The Asymmetry Cure: Unilateral Movements
Don’t be put off by the fancy term. “Unilateral movement” means nothing but working the two sides of your body independently.
When you do exercises where both sides work at the same time, the weaker side only “assists” the stronger side. When each works on its own, you finish the set when the weaker side can’t go on, even though the stronger side still could.
That is the key to getting rid of your muscle asymmetry and imbalances.
Below I give you examples for such exercises sorted by muscle groups. They’re not all there are, but these in my opinion work best to address muscle asymmetry.
Imbalance Target: Chest
For the chest it’s as easy as 1,2, 3: you need dumbbell presses instead of barbell presses. Keep a close eye on your form or you might end up cheating on the weaker side to keep going!
Whatever you, don’t do unilateral dumbbell flyes. In my opinion that’s introducing some really weird mechanics into your movements.
Imbalance Target: Back / Lats
Nothing more ungainly than a lat spread and on one side you look someone clipped off half of your wing, right? Dumbbell rows to the rescue!
An alternative is the mixed-grip pull-up. The hand on the side where your back is weaker faces away from you, the other toward you.
Imbalance Target: Upper Arms – Biceps
For biceps asymmetry there’s of course the old classic dumbbell curl. Again, like with the dumbbell presses, make sure you use good form especially on the weaker side!
Imbalance Target: Upper Arms – Triceps
If you notice differences in triceps size, go for kickbacks. They’re a very good triceps isolation when done correctly.
Imbalance Target: Forearms
If one of your forearms looks like you stole it from Popeye and the other resembles a drumstick, try reverse dumbbell curls. Contrary to the video below, do one side after another. That way you concentrate better on how each side does.
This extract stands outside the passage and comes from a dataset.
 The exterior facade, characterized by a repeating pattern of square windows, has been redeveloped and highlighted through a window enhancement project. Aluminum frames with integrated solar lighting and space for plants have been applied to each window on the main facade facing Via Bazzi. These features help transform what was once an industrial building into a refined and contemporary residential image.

Imbalance Target: Front Shoulders
The premier exercise to take care of asymmetries in the front delts is the alternating front raise.
Imbalance Target: Side Shoulders
For evening them out, the side delts benefit most from lying side raises. Doing them on the floor stabilizes the whole movement and you are less prone to cheat.
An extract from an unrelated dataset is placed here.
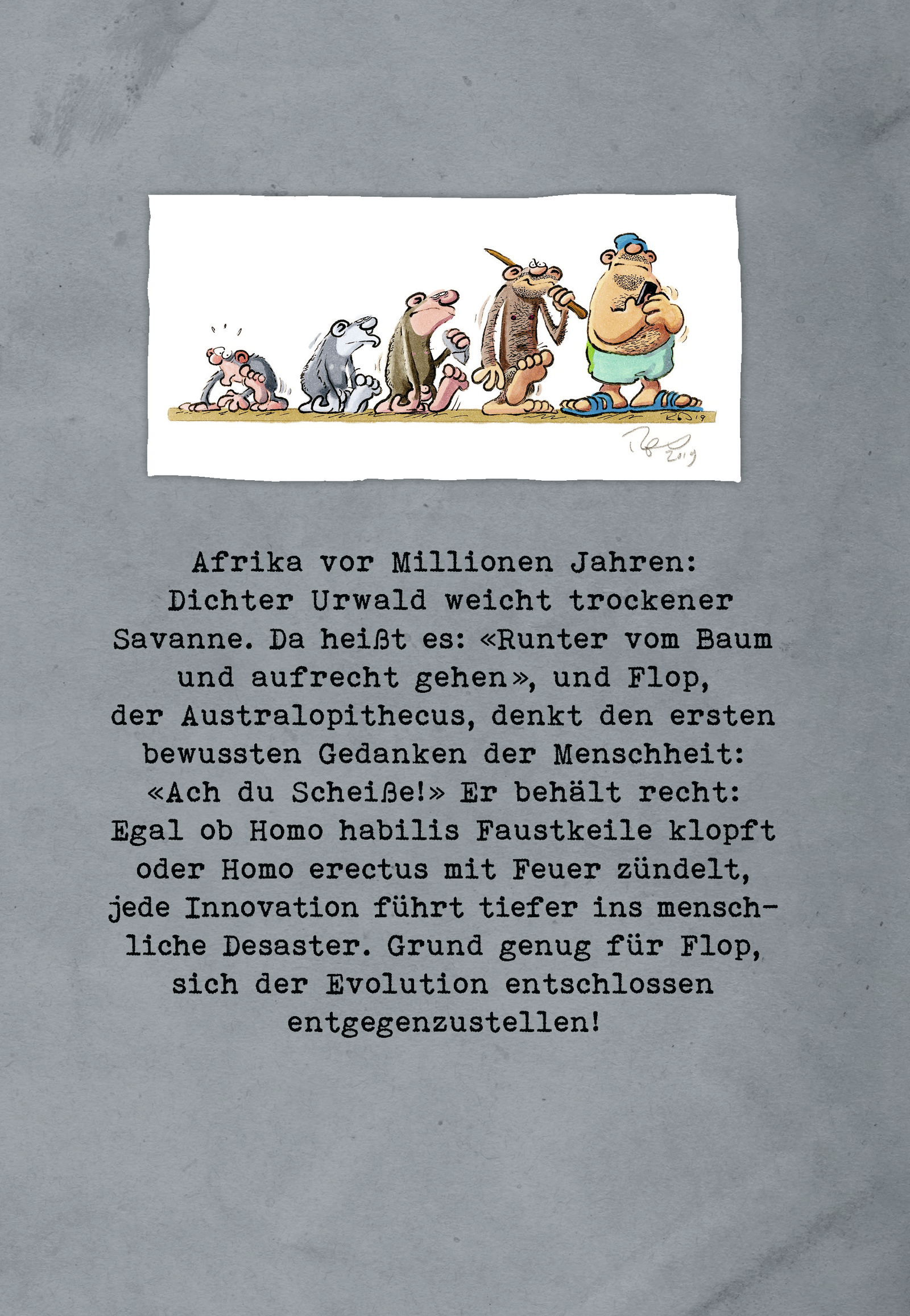 Er behält recht, denn egal, ob Homo Habilis Faustkeile kloppt oder Homo Erectus mit Feuer zündelt, jeder neue Handgriff führt tiefer ins Desaster! Und gerade als die Männchen anfangen, Gammelfleisch zu fressen, und sich als Herren der Welt fühlen, beschließen die Weibchen, ihren Eisprung zu verstecken, so dass beim Balzen keiner mehr weiß, woran er ist. Flop stört's nicht weiter, er steht ohnehin mehr auf den stämmigen Homo Robustus, der mit seiner Horde friedlich in der Steppe grast.
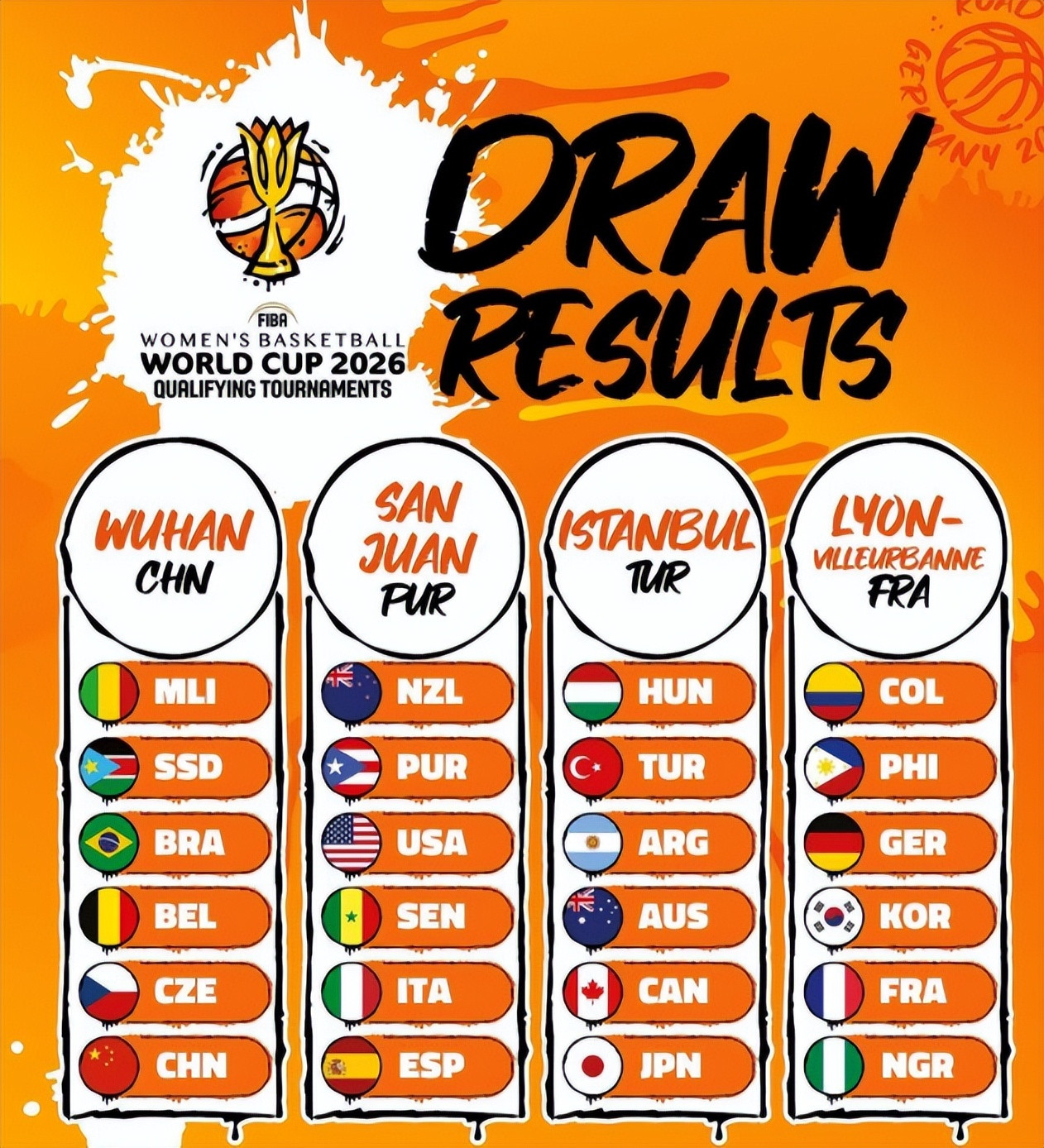 2026 年女篮世界杯预选赛分组抽签结果,在瑞士尼翁正式揭晓。

Imbalance Target: Rear Shoulders
The rear delts you should work with rear delt rows. A great rear shoulder compound exercise if there ever was one!
Imbalance Target: Upper Leg
To even out the quads some people do one-legged squats, but to me that doesn’t seem very safe when you train at home and by yourself. You should rather make a beginner exercise of mine more difficult by strapping on a backpack: the get-up.
Imbalance Target: Lower Leg
Most of us wear shorts in summer and who wants to have their calves look like distant cousins at best? Training each calf on its own via calf raises takes care of it. In the video I train both legs at the same time; you should train one after another, with the side taking a rest just dangling in front of your platform.
One Important Note!
All these exercises take care of muscle asymmetry due to you having a stronger / weaker side of the body or from having trained one side more than the other!
They don’t take care of asymmetry that’s due to how your muscles are attached inside your body. When your abs don’t line up perfectly, for example.